The Japanese parliament has approved their state budget at a record figure of 96.72 trillion yen today – the equivalent of 595.92 billion pounds sterling – prompting calls from economic participants to discuss further financial stimulus measures and criticism that spending must increase in order to improve the Japanese economy.
The Bank of Japan is already under pressure to take further steps to improve the country’s finances after disappointing inflation figures released last week showed that inflation remained level throughout February. Much of this is as a result of uncertainty in commodities markets, which have had a significant impact globally, but it is clear from other economic data that the Japanese economy has contracted in the last quarter of 2015, and experts believe that this is likely to show a further reduction in the figures for the first quarter of 2015.
Poor economic data results and today’s announcement of the Japanese budget have prompted speculation about further economic stimulus measures for Japan in the coming fiscal year. The Japanese government has already raised taxes and lowered interest rates to well below negative in a series of unpopular and in some cases unexpected moves to improve the country’s economic status. In 2014, the three percent tax increase took its toll on Japanese consumers and contributed to a recession. Another planned tax rate rise was originally mooted for October 2015, then delayed to April 2017; market commentators are speculating that this may be delayed once again.
According to recent figures from the Financial Times, Japan’s negative interest rates, still set at below -0.15 and unchanged following the last monetary policy committee meeting earlier this month, have led to savings of an annual figure of 80 billion yen, the equivalent of 707 million US dollars.
The Prime Minister of Japan, Shinzo Abe, has a difficult task ahead in balancing the country’s significant public debt with measures designed to increase spending and boost consumption, in order to improve the outlook for the Japanese economy and avoid another recession.
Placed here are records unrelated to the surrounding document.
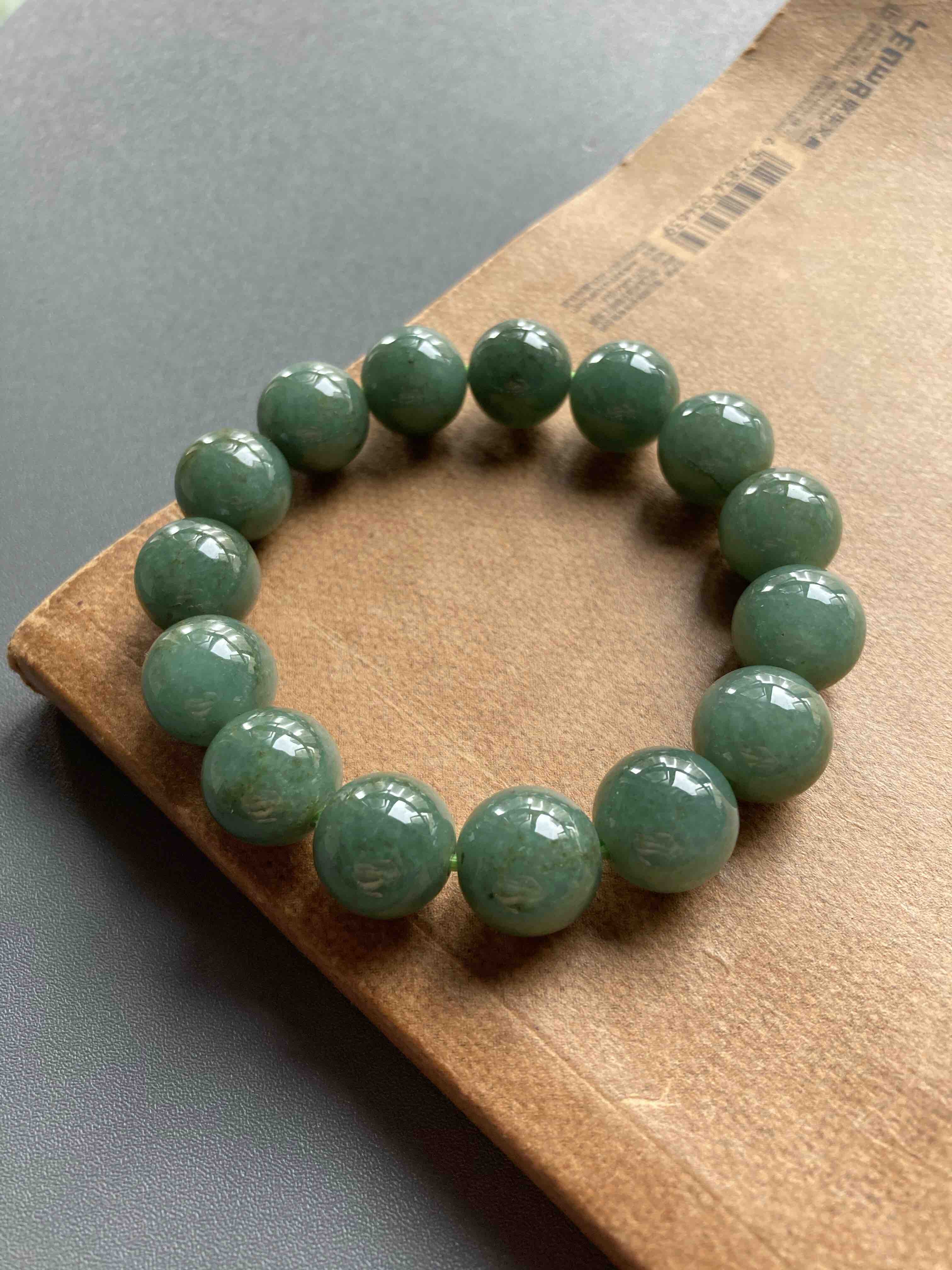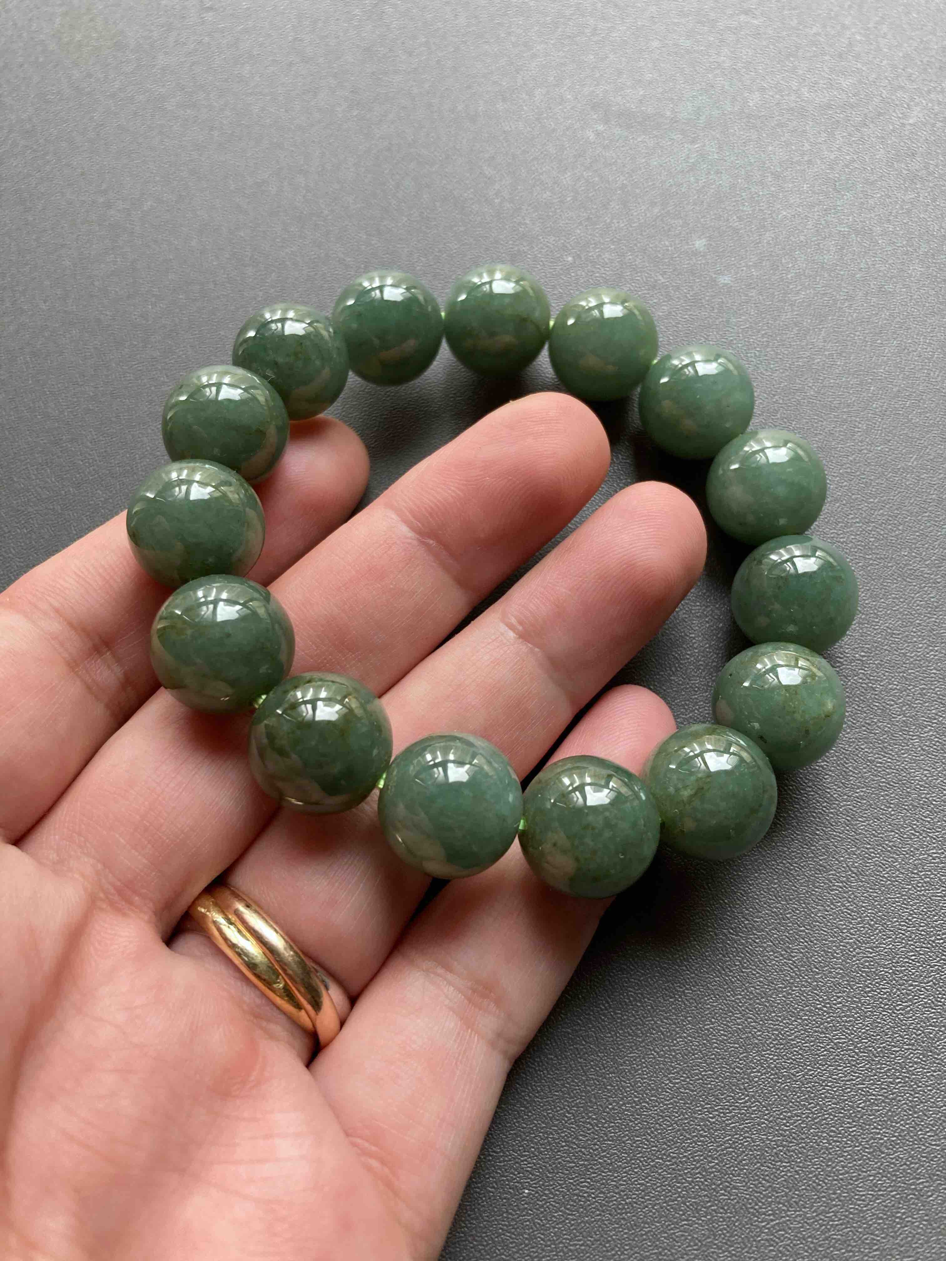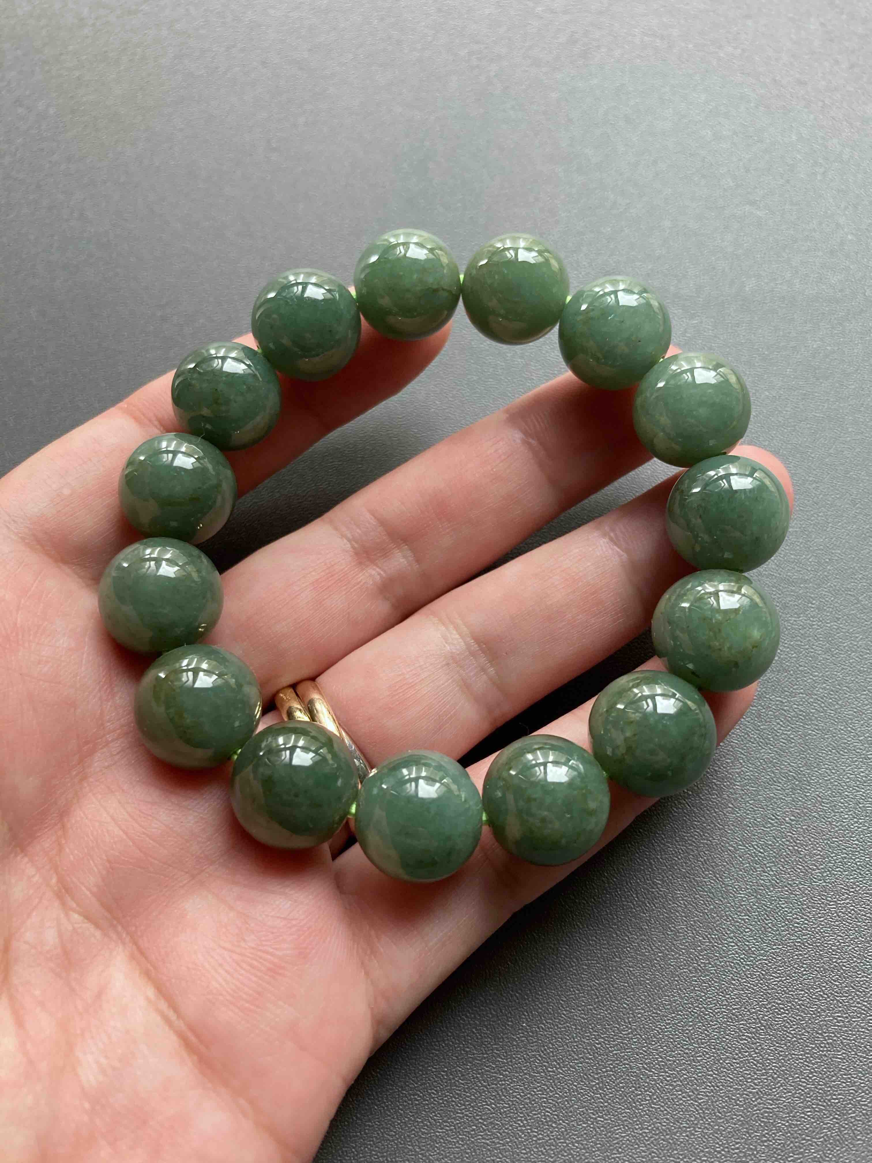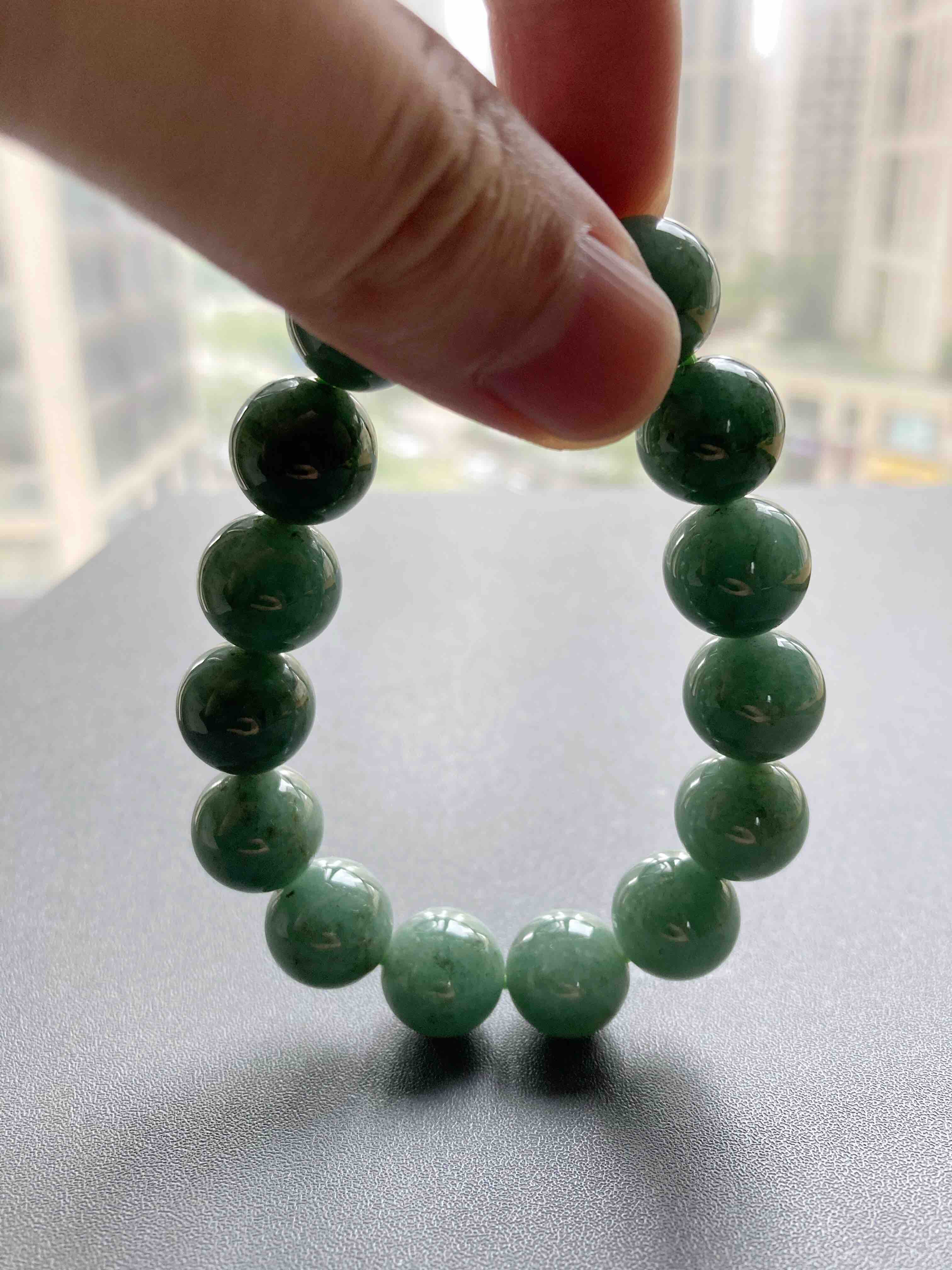 糯种墨绿翡翠大珠串手串,这样的大珠串才给力,14mm珠子大小,糯种墨绿色,珠子大,上手贵气,翡翠料做大珠子不容易,遇到了千万别错过,便宜又好,收了就对了
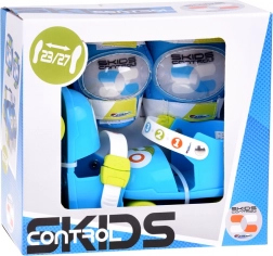Vă prezentăm un set minunat pentru micii patinatori, care include patine cu role ajustabile și protecții pentru genunchi și coate. Patinele se pun direct pe pantofi, ceea ce este o soluție ideală pentru copiii care învață să meargă, asigurând stabilitate și siguranță.
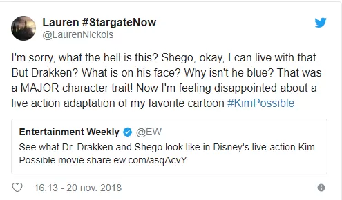“Lo siento, ¿qué diablos es esto? Shego, está bien, puedo vivir con eso. ¿Pero Drakken? ¿Qué hay en su cara? ¿Por qué no es azul? ¡Ese era un rasgo de su personaje muy importante! Ahora me siento decepcionado por una adaptación de acción en vivo de mi caricatura favorita #KimPossible”
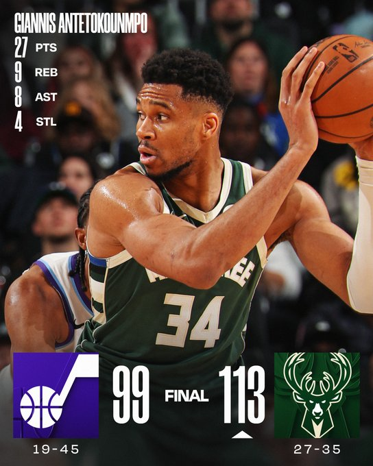 Milwaukee Bucks 113 – Utah Jazz 99
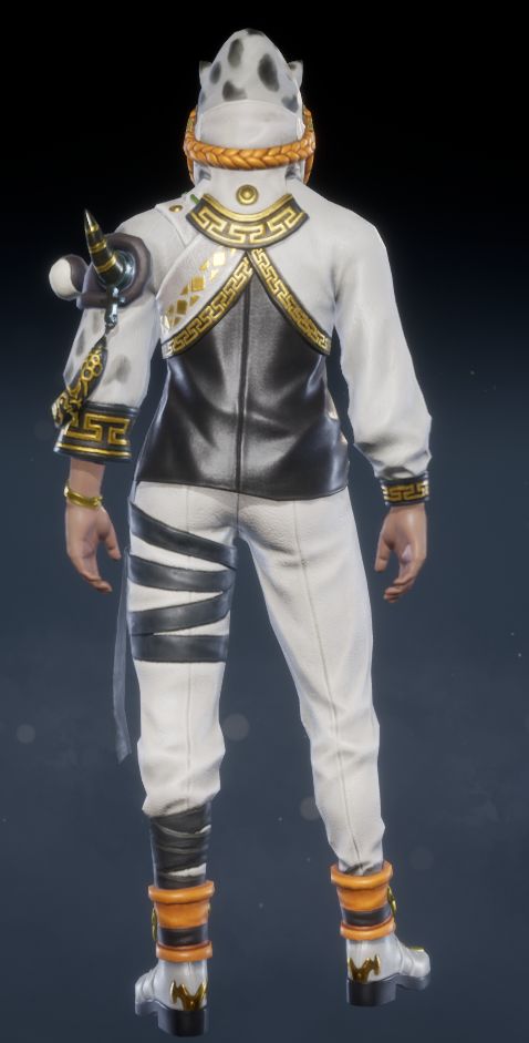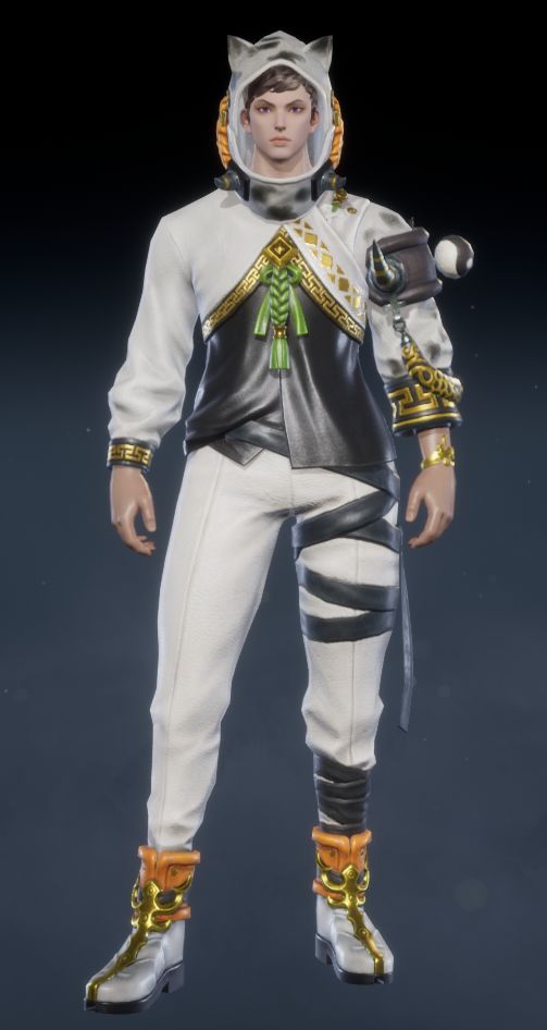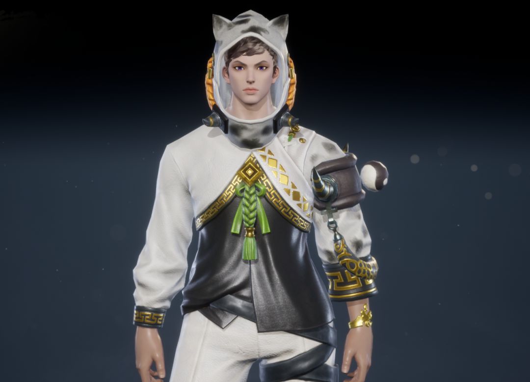 经典黑白色调,可爱猫耳兜帽与俏皮猫须,尽显男性角色的灵动个性。白色外套拼接黑色内搭,点缀精致金纹,更添时尚。白色修身长裤搭配不对称腿部装饰,潮流气息十足。
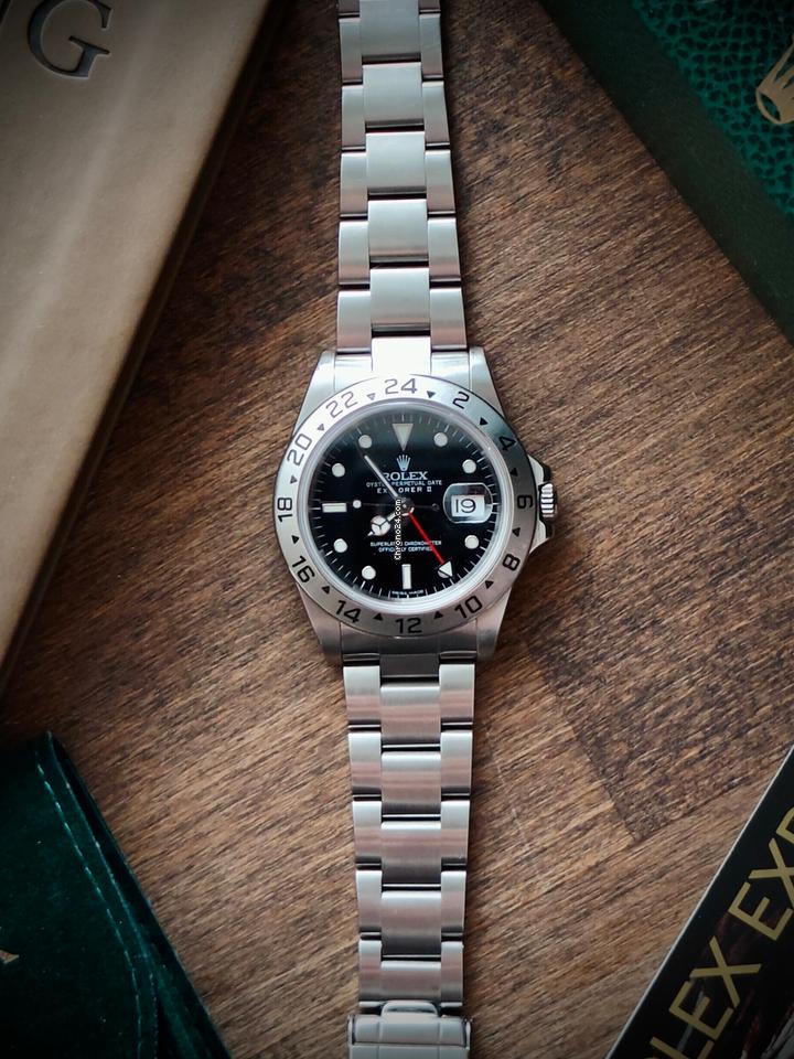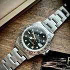 This iconic timepiece, which was originaly introduced in 1989, is renowned for its robust design and practical features. Originally created for adventurers, it includes a 24-hour hand and fixed bezel, perfect for distinguishing day from night in extreme environments. The watch features a durable stainless steel case and bracelet, a black dial with luminous markers, and a date window with the signature Cyclops lens. Powered by the reliable Rolex caliber 3185 automatic movement, it offers precision and reliability. This 40mm Rolex Explorer II 16570 combines elegance with functionality, making it ideal for any occasion. Own a piece of horological history that embodies exploration and resilience. The watch comes without a box or papers, but it does include a Rolex pouch. Contact me for more details or additional photos or information.

In the slow moving global economic climate, he is also mindful of the role Japan has to play, and has stated his intentions to do his part and contribute to the collaboration set out by the G20 to better prepare other countries and help them to manage the risk of any changes to monetary and currency policies that will affect global market participants.
Sudden, drastic policy changes to stimulate flagging economies globally, including raising and dropping interest rates and capping and uncapping world currencies, have come under increased scrutiny in recent months and formed one of the key topics for discussion at last month’s G20 meeting, where representatives of the major global economies warned of the “unintended consequences” – the knock-on effects on global economies and markets – of such measures and how these could be avoided. The G20 made a commitment to greater cooperation and communication when planning to make any radical changes to economic, fiscal and currency policies that are likely to cause notable ripple effects across other global markets and their respective currencies.